Тайна "Дождей в океане" так и осталась нераскрытой

       Начался очередной сезон петербургского Дома кино. В день открытия профессионального клуба кинематографистов состоялась премьера "Дождей в океане" — последнего фильма Виктора Аристова, законченного после его смерти Юрием Маминым.
       
       В словаре эстетических понятий нет слова "странный". И все же Виктор Аристов был именно странным режиссером. Во всех снятых им картинах легко найти проколы драматургии или сбои вкуса. Но при этом совершенно невозможно определить, откуда берется энергия авторского стиля, некое рассеянное биополе, зачастую темное, но всегда притягательное. У фильмов Аристова была одна общая черта — они застревали в памяти и не растворялись до конца на уровне художественного впечатления. Они продолжали оставаться где-то в подкорке, словно недосмотренные сны.

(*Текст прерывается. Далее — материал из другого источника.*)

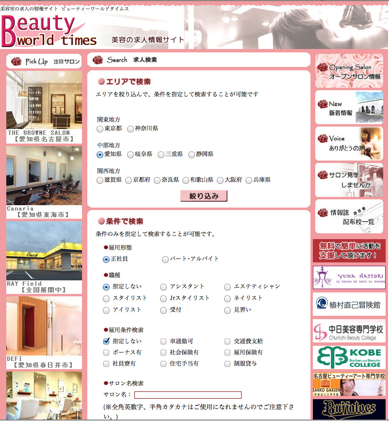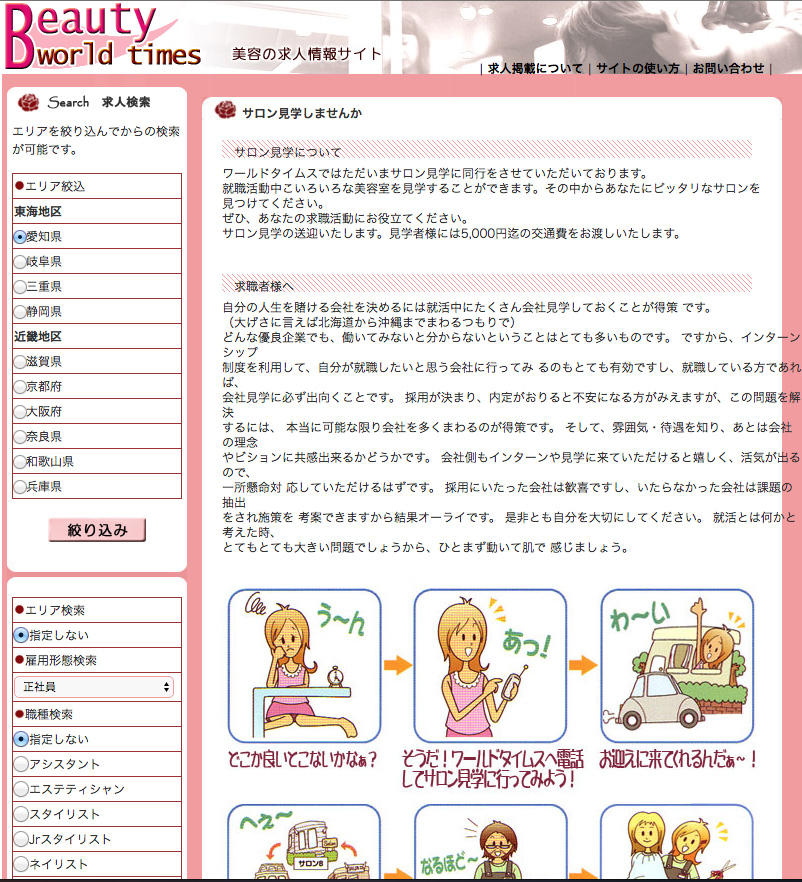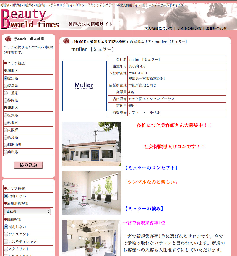 ビューティーワールドタイムスは、従来の雑誌携帯の求人とは異なり、オーナーさまの経営理念・方針や、独自の教育システム、先輩スタッフからのコメントなど豊富な情報を掲載することができます。

       Ранние работы режиссера — "Свояки" и телефильм "Тростинка на ветру" — никто особенно не заметил. А известность — хотя и с оттенком кулуарности — ему принес снятый в 1985 году "Порох". Исторический эпизод транспортировки боеприпасов из Кронштадта в осажденный немцами Ленинград, рассказанный жестко, по тогдашним вялым временам даже шокирующе, тут же попал в кильватер постгермановской традиции, благо в свое время Аристов отработал ассистентом на "Двадцати днях без войны". Формально все сходилось: подчеркнутый антигероизм, бытовизация мотивов, вочеловечивание коллективной коллизии. По существу же было совсем наоборот, потому что за скрупулезно выписанным потоком жизни у Германа всегда стояла Большая История, а для Аристова непридуманный военный сюжет был в первую очередь поводом высказаться на тему аффектированных свойств человеческой природы. Пройдя в оба конца по дороге смерти, сыгранный Юрием Беляевым партработник словно переживал обряд персональной инициации. Через физический страх отыскивал в себе нечто непознанное, скрытое.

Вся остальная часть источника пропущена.